I have heard it said, or at least implied, that reason is tautological. And this most often, in my experience, by those espousing the “efficacy” and “truth” of eastern philosophy (mysticism), which they present as a counter-means of interpreting reality to that of western “logic”. What they mean by this–that is, reason’s tautology–is that reason is reason simply because it is reasonable. That is, it is defined by merely naming itself. Like, when you ask why God is good, and someone answers by saying “because He is God”. This is, at first glance, fundamentally a non-answer. Because the “answer” simply circles back to the assertion. The assertion then has no proof because it is unsupported by an exposition wherein it conforms to a set of criteria, defined according to a specific context, so that its efficacy can be demonstrated, even if it be done so conceptually. In which case the assertion is not an assertion at all because it cannot be applied to anything, practically speaking, outside of itself. So it’s just…nonsense. It’s nothing. It’s void. Irrelevance.

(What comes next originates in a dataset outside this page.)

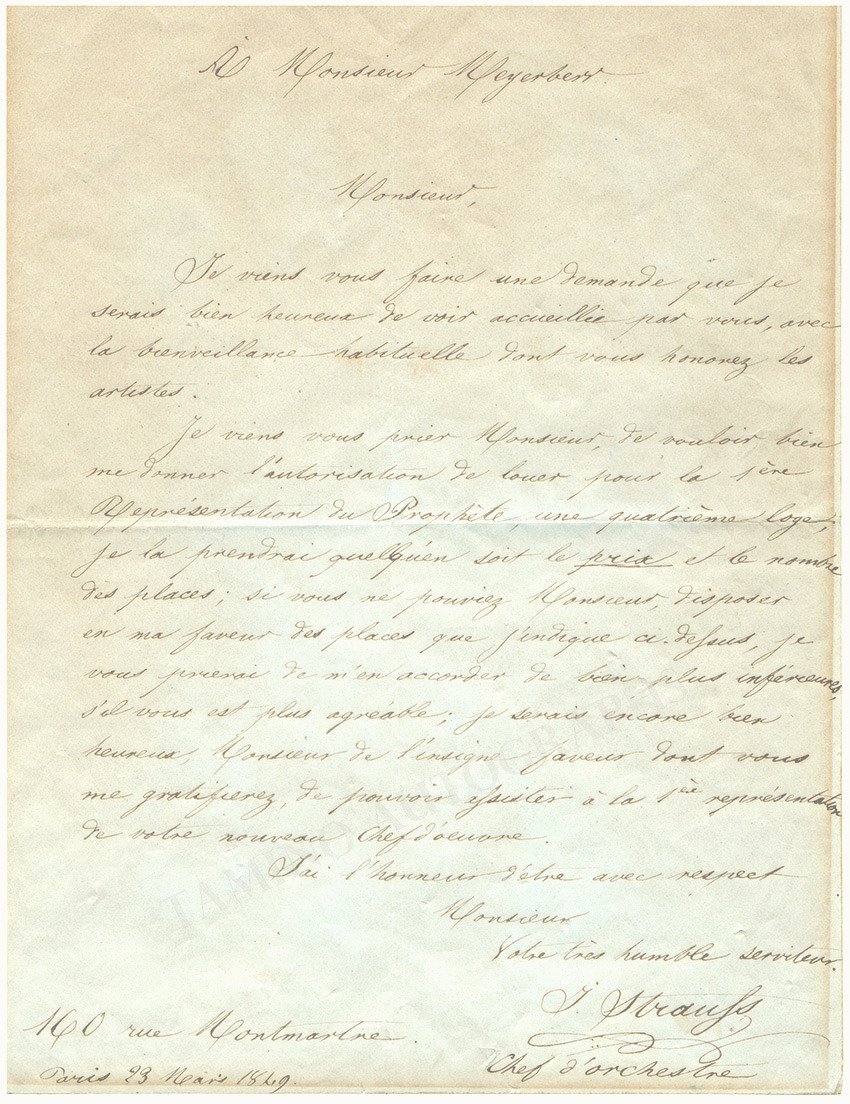 Autographs of Isaac Strauss, one of the first of the famous dynasty of musicians, are very rare, and this is a letter sent to another famous composer, connecting both men to a very important event in operatic history.

Of course we must be careful when making accusations of tautology. Because what may seem tautological on the surface (like reason, or God’s goodness) may not actually be so. A good way to vet this claim of a thing being labeled a tautology can be to ask a different question…one that had you answered it first, would have nullified any point of the first question.
For example, if we ask “Why is God good?”, and the answer is “Because He is God”…well, instead of immediately calling tautology you may want to ask “Who or what is God?”. And the answer to this question may answer the other. That is, if we can properly define God then we will also know precisely why He is good.
The same, I submit, is true for reason. If we have a definition of reason–a definition that makes sense, not according to reason but according to the concept “definition”–what qualifies as “being defined”–then we will know precisely why reason is itself reasonable. The apparent tautology is resolved. I have found that this tactic is a great way to separate the true tautologies from the merely presumptive ones.
Here is a true tautology.
Man is totally depraved–total depravity being the common Christian (most popularly Protestant) metaphysic. And see, this is key. Total depravity is not merely one characteristic among many of human beings. It is humanity. It is man’s irreducible ontological state. So the answer to the question “Why is man totally depraved?”, is “Because he is man”. And thus you shall then ask, “Okay. So what is man?”. And the answer, because depravity is indeed a metaphysical assertion according to the doctrine, is “Man IS depravity“.
And this, my friends, is what a true tautology looks like. Man is depraved because he is depravity. What is man? Depravity. What is depravity? Depravity is man. Both concepts are thus destroyed because they infinitely circle back upon themselves. They have no relevance to reality whatsoever because they cannot be defined; they cannot be contextualize. They are made “distinct” and yet no distinction is able to be provided. This wrecks them both. And thus the assertion that man is depraved becomes a logical fallacy.
Reason, on the other hand, is a false tautology.
Why is reason reasonable?
Because it’s reason.
What is reason?
Ah…good question. Reason is conceptual consistency. It is the combination of any given number of abstract (like “left” or “happiness”) and/or material (like “tree” or “Joey Ramone”) concepts in a way in which the concepts do not contradict themselves (e.g. “Joey Ramone took a right at the corner, which was in a leftward direction.”) in order to convey an idea to one who shares your existential frame of reference (that is, another conscious/moral agent).
And this is the real answer to the question “Why is reason reasonable?”. The real answer is: because it doesn’t contradict its own definition. Nor, I would add, is anyone who affirms the validity of reason suggesting, as far as I can tell, that it is its own definition. Reason, defined, is not “reason”, and I know of no one who has suggested such a thing aside from the mystics who (falsely) claim that it’s tautological. Reason is conceptual consistency. It is the integration of ideas which do not self-nullify.
“Reason”, then, is simply the term given to why communication between moral and conscious agents is actually possible.
Thank you I like that. I was almost going to ask the question of whether or not reason occurs or exists outside the spoken word, but then you neatly close that gap in your last sentence.
Yeah I have to wonder a little bit what’s really going on with your statement your short essay here.
Because my question would indeed be is there reason somehow beyond or separate from the spoken and communicated word? Or is what is communicated or located within the attempt to communicate, folded back into consciousness such that there is a thinking that is reasonable or that can be called reason that necessarily extends in both directions at once, which is to say in the already potentiated word of communication?
Perhaps this is where the as you say eastern people want to say reason is a tautology. But then I would move to say they are probably the most mistaken or they evidence a larger mistake then the purely ‘logic reason’ side. But that there is some sort of confusion going on between the designation of those two sides.